Data extract:
________________________________________

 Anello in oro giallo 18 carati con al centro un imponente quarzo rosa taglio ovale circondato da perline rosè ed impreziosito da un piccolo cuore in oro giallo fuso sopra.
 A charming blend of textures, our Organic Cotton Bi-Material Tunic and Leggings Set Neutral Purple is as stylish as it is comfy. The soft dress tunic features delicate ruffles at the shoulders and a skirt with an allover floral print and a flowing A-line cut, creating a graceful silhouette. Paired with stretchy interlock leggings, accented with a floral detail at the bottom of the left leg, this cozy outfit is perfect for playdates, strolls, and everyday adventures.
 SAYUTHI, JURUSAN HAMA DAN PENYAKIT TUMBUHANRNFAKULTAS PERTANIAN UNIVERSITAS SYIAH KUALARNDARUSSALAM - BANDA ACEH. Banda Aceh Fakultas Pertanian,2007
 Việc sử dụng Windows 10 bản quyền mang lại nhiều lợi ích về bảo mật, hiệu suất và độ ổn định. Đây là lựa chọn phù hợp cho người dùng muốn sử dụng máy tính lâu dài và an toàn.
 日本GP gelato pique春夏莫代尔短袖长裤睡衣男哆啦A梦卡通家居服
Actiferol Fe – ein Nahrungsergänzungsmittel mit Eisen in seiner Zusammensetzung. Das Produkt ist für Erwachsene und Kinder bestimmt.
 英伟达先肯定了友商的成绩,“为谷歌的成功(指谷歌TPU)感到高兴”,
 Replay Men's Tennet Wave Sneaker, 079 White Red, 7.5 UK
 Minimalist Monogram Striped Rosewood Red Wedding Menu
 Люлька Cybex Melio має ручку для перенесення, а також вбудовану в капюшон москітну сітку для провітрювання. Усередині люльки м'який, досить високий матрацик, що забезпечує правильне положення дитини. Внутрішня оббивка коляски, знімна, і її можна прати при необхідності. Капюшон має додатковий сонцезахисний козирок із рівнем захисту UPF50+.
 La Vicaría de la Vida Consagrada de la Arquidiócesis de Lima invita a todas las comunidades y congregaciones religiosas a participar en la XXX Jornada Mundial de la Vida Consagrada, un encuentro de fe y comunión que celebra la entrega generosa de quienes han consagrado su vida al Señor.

________________________________________

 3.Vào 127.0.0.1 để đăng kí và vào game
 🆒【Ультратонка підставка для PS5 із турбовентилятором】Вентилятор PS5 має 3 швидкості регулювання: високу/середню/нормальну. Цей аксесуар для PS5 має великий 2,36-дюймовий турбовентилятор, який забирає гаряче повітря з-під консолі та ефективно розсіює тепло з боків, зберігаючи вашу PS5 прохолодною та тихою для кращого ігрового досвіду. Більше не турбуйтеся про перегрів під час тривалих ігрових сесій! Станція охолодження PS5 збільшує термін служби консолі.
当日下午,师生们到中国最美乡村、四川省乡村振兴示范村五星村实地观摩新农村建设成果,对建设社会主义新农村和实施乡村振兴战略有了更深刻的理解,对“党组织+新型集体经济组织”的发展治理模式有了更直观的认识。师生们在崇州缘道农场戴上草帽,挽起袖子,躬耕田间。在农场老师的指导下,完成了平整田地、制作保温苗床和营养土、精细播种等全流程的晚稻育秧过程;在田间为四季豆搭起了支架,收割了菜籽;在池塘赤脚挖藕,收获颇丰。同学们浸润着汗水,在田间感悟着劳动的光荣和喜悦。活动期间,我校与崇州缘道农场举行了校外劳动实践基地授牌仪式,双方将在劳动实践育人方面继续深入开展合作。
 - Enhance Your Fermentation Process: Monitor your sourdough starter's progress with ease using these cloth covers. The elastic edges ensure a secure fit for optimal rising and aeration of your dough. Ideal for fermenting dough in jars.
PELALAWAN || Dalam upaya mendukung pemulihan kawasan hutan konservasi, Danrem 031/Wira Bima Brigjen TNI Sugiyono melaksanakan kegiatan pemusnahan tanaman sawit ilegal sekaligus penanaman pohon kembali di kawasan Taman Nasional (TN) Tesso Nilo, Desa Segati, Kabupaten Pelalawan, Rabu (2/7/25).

________________________________________

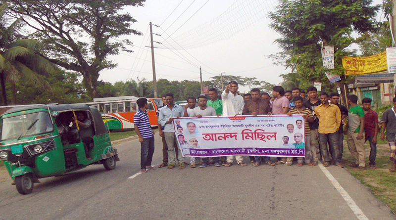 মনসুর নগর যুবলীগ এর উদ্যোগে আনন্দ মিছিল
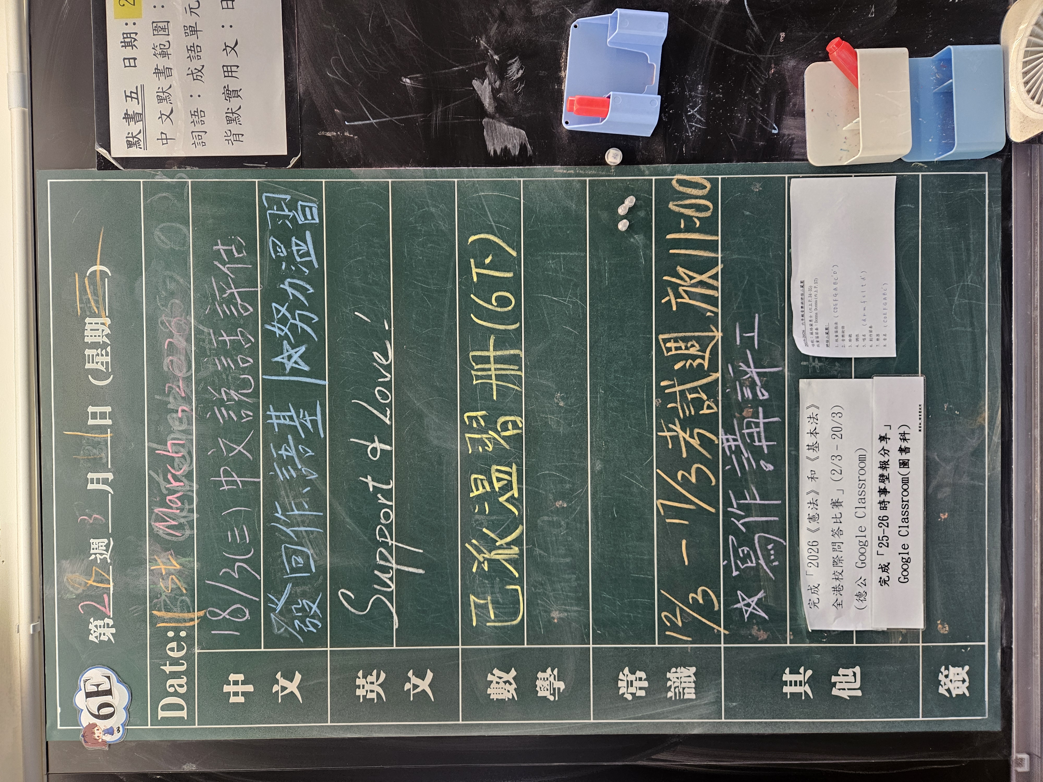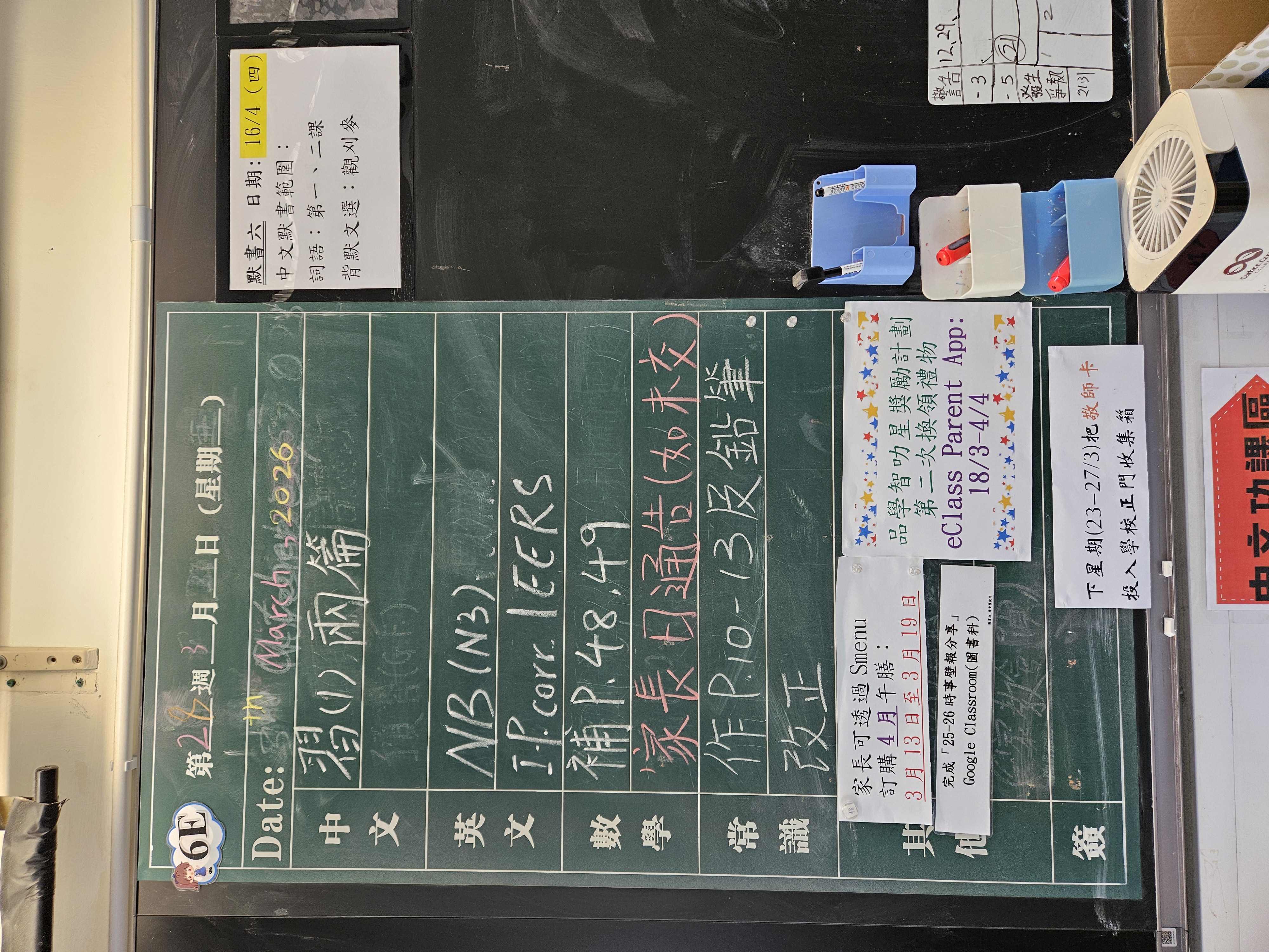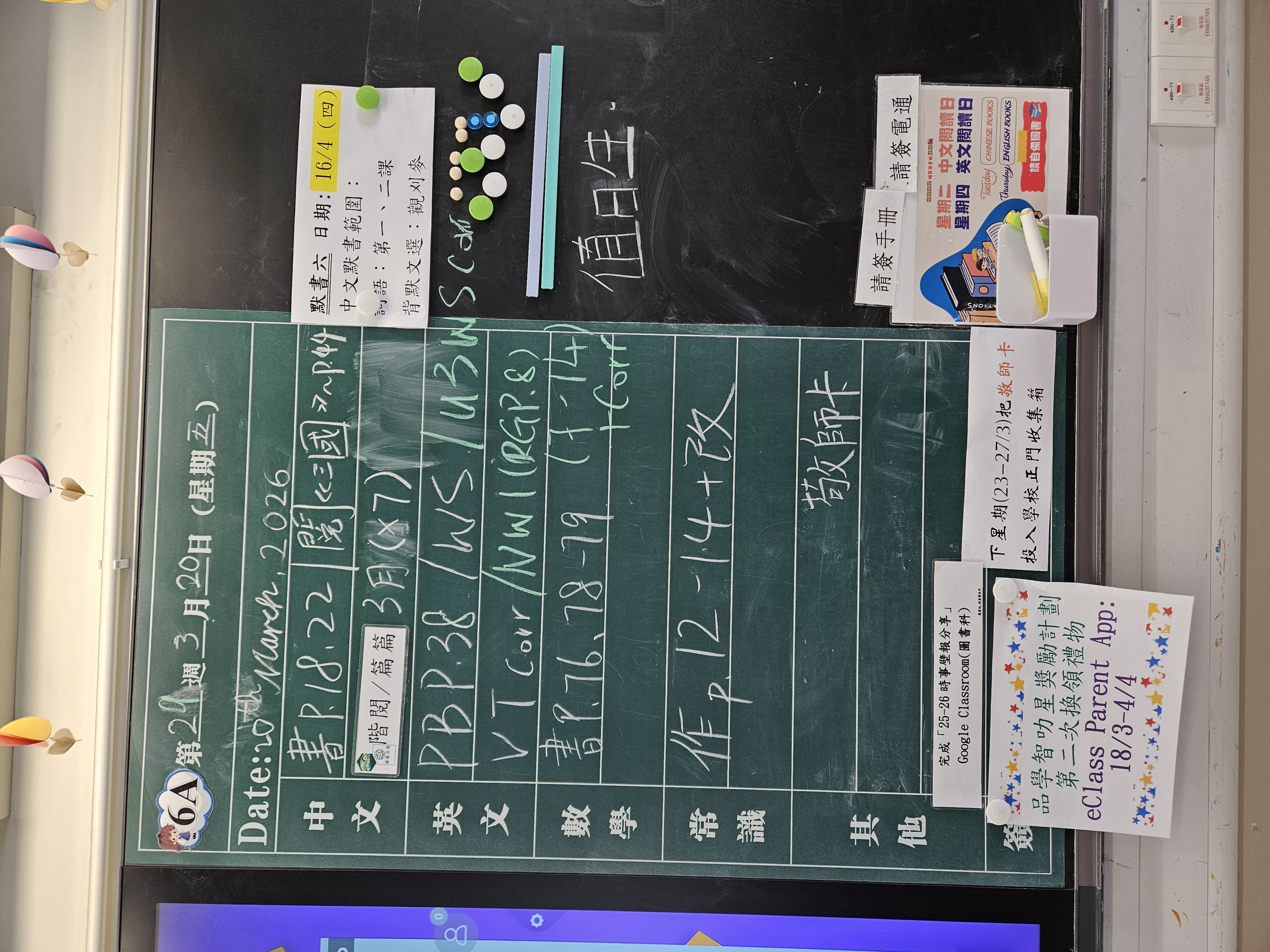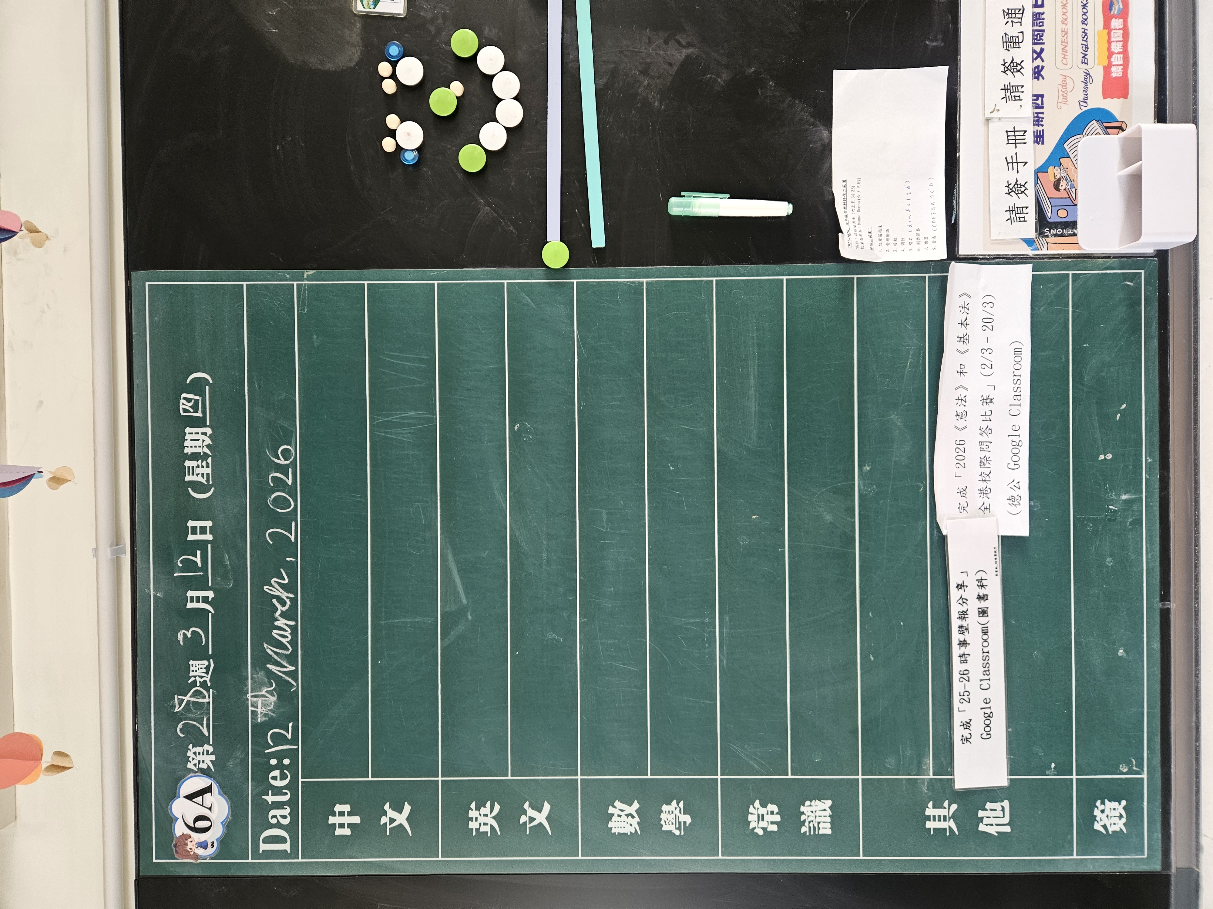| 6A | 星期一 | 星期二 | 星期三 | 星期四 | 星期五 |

________________________________________

Please give back exactly the lines of this listing beginning at the line with "Anello in oro" and ending with the line with "La Vicaría de", both included, and nothing else.

Solved exercise:
 Anello in oro giallo 18 carati con al centro un imponente quarzo rosa taglio ovale circondato da perline rosè ed impreziosito da un piccolo cuore in oro giallo fuso sopra.
 A charming blend of textures, our Organic Cotton Bi-Material Tunic and Leggings Set Neutral Purple is as stylish as it is comfy. The soft dress tunic features delicate ruffles at the shoulders and a skirt with an allover floral print and a flowing A-line cut, creating a graceful silhouette. Paired with stretchy interlock leggings, accented with a floral detail at the bottom of the left leg, this cozy outfit is perfect for playdates, strolls, and everyday adventures.
 SAYUTHI, JURUSAN HAMA DAN PENYAKIT TUMBUHANRNFAKULTAS PERTANIAN UNIVERSITAS SYIAH KUALARNDARUSSALAM - BANDA ACEH. Banda Aceh Fakultas Pertanian,2007
 Việc sử dụng Windows 10 bản quyền mang lại nhiều lợi ích về bảo mật, hiệu suất và độ ổn định. Đây là lựa chọn phù hợp cho người dùng muốn sử dụng máy tính lâu dài và an toàn.
 日本GP gelato pique春夏莫代尔短袖长裤睡衣男哆啦A梦卡通家居服
Actiferol Fe – ein Nahrungsergänzungsmittel mit Eisen in seiner Zusammensetzung. Das Produkt ist für Erwachsene und Kinder bestimmt.
 英伟达先肯定了友商的成绩,“为谷歌的成功(指谷歌TPU)感到高兴”,
 Replay Men's Tennet Wave Sneaker, 079 White Red, 7.5 UK
 Minimalist Monogram Striped Rosewood Red Wedding Menu
 Люлька Cybex Melio має ручку для перенесення, а також вбудовану в капюшон москітну сітку для провітрювання. Усередині люльки м'який, досить високий матрацик, що забезпечує правильне положення дитини. Внутрішня оббивка коляски, знімна, і її можна прати при необхідності. Капюшон має додатковий сонцезахисний козирок із рівнем захисту UPF50+.
 La Vicaría de la Vida Consagrada de la Arquidiócesis de Lima invita a todas las comunidades y congregaciones religiosas a participar en la XXX Jornada Mundial de la Vida Consagrada, un encuentro de fe y comunión que celebra la entrega generosa de quienes han consagrado su vida al Señor.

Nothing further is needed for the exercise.